Task requirements: The response should consist of the data below, copied exactly, with no pictures in it.

Data segment:

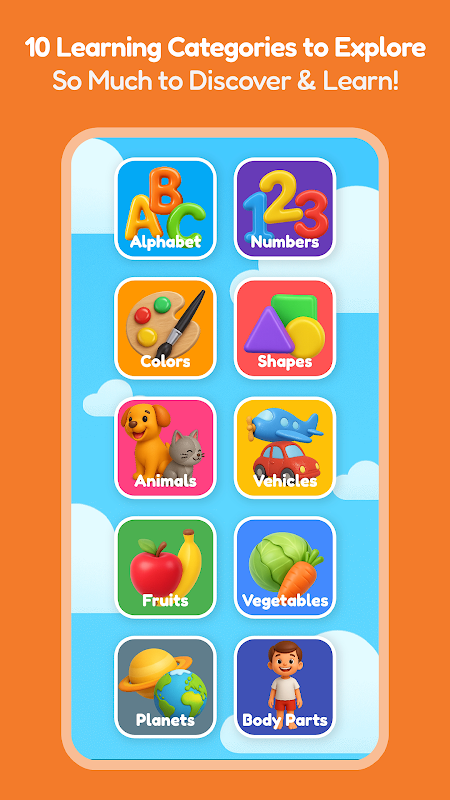 Little Learners Cards ist eine farbenfrohe Lernkarten-App für Kleinkinder und Vorschulkinder. Mit 10 ansprechenden Kategorien und lebendigen Illustrationen können Kinder Buchstaben, Zahlen, Tiere, Formen, Farben und mehr entdecken – alles in einer sicheren, kinderfreundlichen Umgebung.
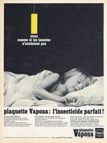 En la imagen número 5 se puede ver un anuncio de 1968 que pretende mostrar el grado de protección y bienestar que ofrecen las tiras insecticidas. Como en muchos anuncios de insecticidas se hace uso y abuso de una estampa maternal. En el texto, se puede leer que «el producto Vapona, contenido en la tira, es desprendido en forma de nube invisible que busca y mata los insectos. Sólo hay que abrir el sobre y colgarla.» Cada tira medía 25 x 6 centímetros. Su radio de acción cubría cerca de 28 metros cuadrados durante 3 meses. Ahí es nada. En el anuncio se remarca que es «inodora, altamente higiénica, inocua.» En anuncios parecidos publicados en todo el mundo, se usó la imagen del niño que es protegido por la tira vaporizante. En la imagen número 6, se puede ver un anuncio de 1967 publicado en la prensa francesa. Tiene un diseño soberbio.
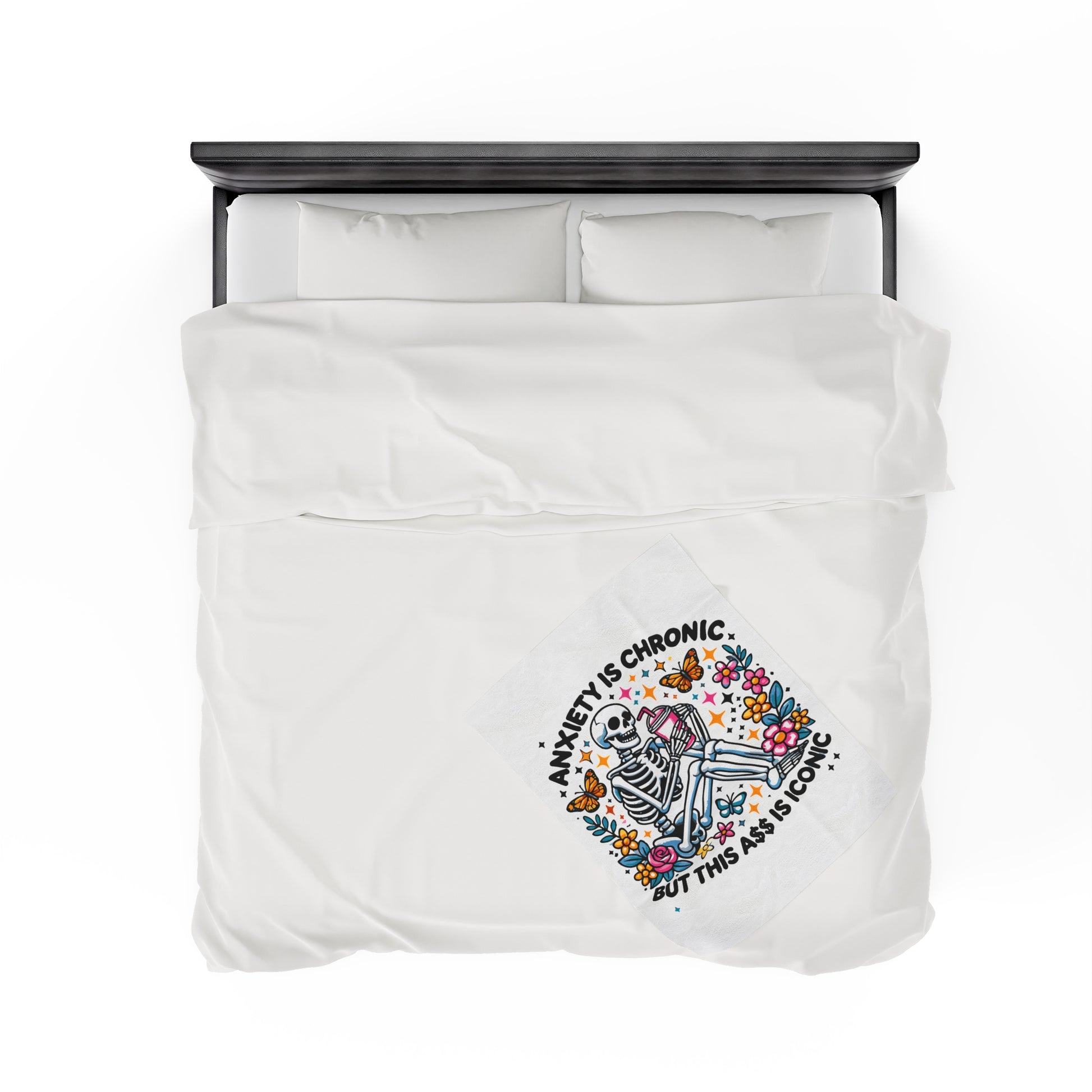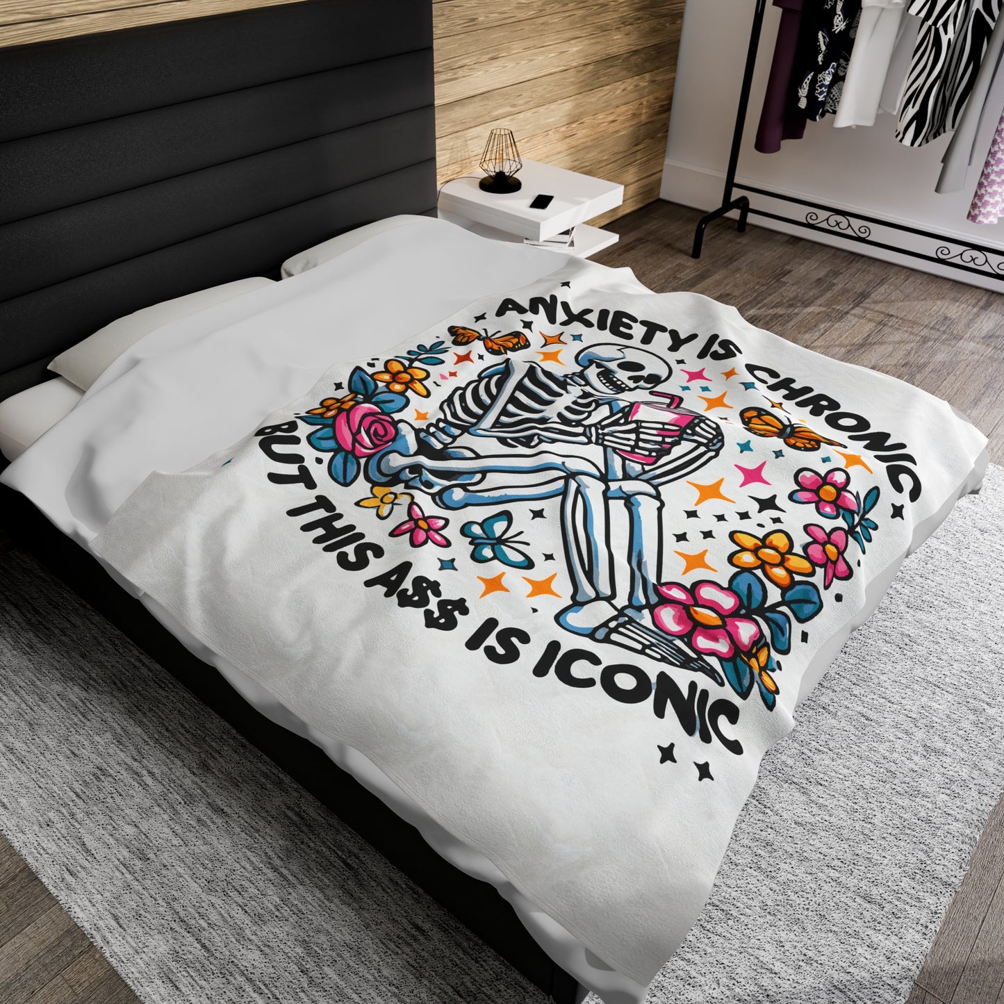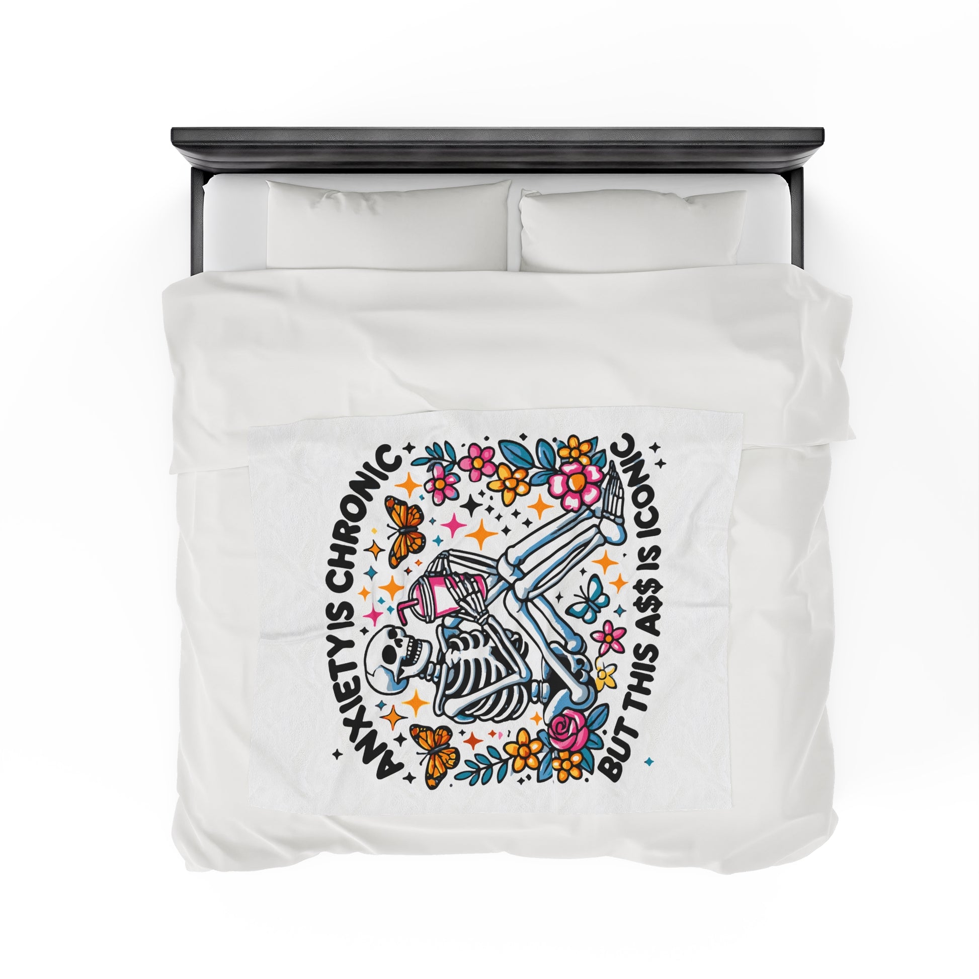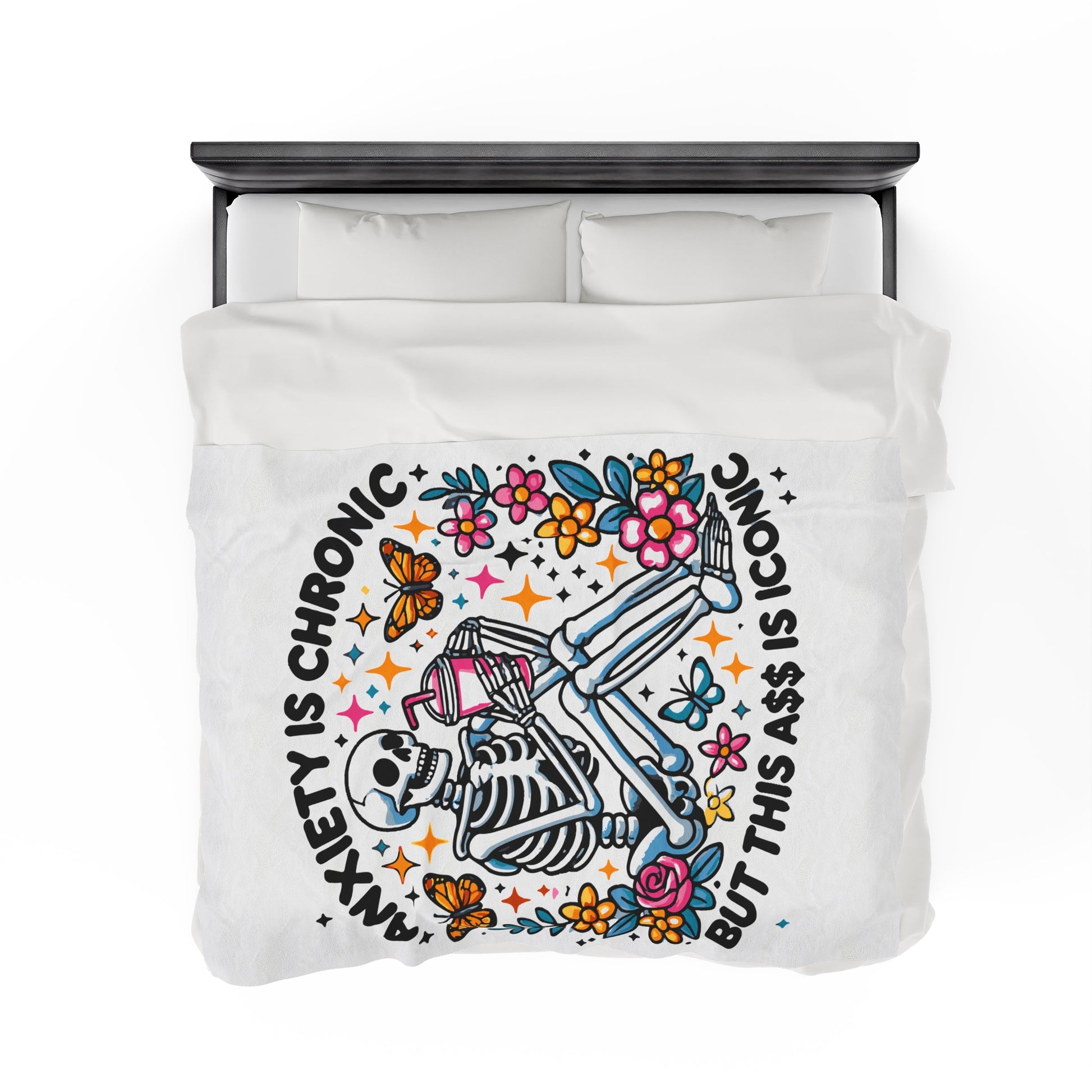 Anxiety Is Chronic Velveteen Plush Throw Blanket Snarky Skeleton Vibes Sarcastic Quotes Spooky Girly Cozy Blanket Gift Anxiety Humor Lovers

Answer space:
 Little Learners Cards ist eine farbenfrohe Lernkarten-App für Kleinkinder und Vorschulkinder. Mit 10 ansprechenden Kategorien und lebendigen Illustrationen können Kinder Buchstaben, Zahlen, Tiere, Formen, Farben und mehr entdecken – alles in einer sicheren, kinderfreundlichen Umgebung.
 En la imagen número 5 se puede ver un anuncio de 1968 que pretende mostrar el grado de protección y bienestar que ofrecen las tiras insecticidas. Como en muchos anuncios de insecticidas se hace uso y abuso de una estampa maternal. En el texto, se puede leer que «el producto Vapona, contenido en la tira, es desprendido en forma de nube invisible que busca y mata los insectos. Sólo hay que abrir el sobre y colgarla.» Cada tira medía 25 x 6 centímetros. Su radio de acción cubría cerca de 28 metros cuadrados durante 3 meses. Ahí es nada. En el anuncio se remarca que es «inodora, altamente higiénica, inocua.» En anuncios parecidos publicados en todo el mundo, se usó la imagen del niño que es protegido por la tira vaporizante. En la imagen número 6, se puede ver un anuncio de 1967 publicado en la prensa francesa. Tiene un diseño soberbio.
 Anxiety Is Chronic Velveteen Plush Throw Blanket Snarky Skeleton Vibes Sarcastic Quotes Spooky Girly Cozy Blanket Gift Anxiety Humor Lovers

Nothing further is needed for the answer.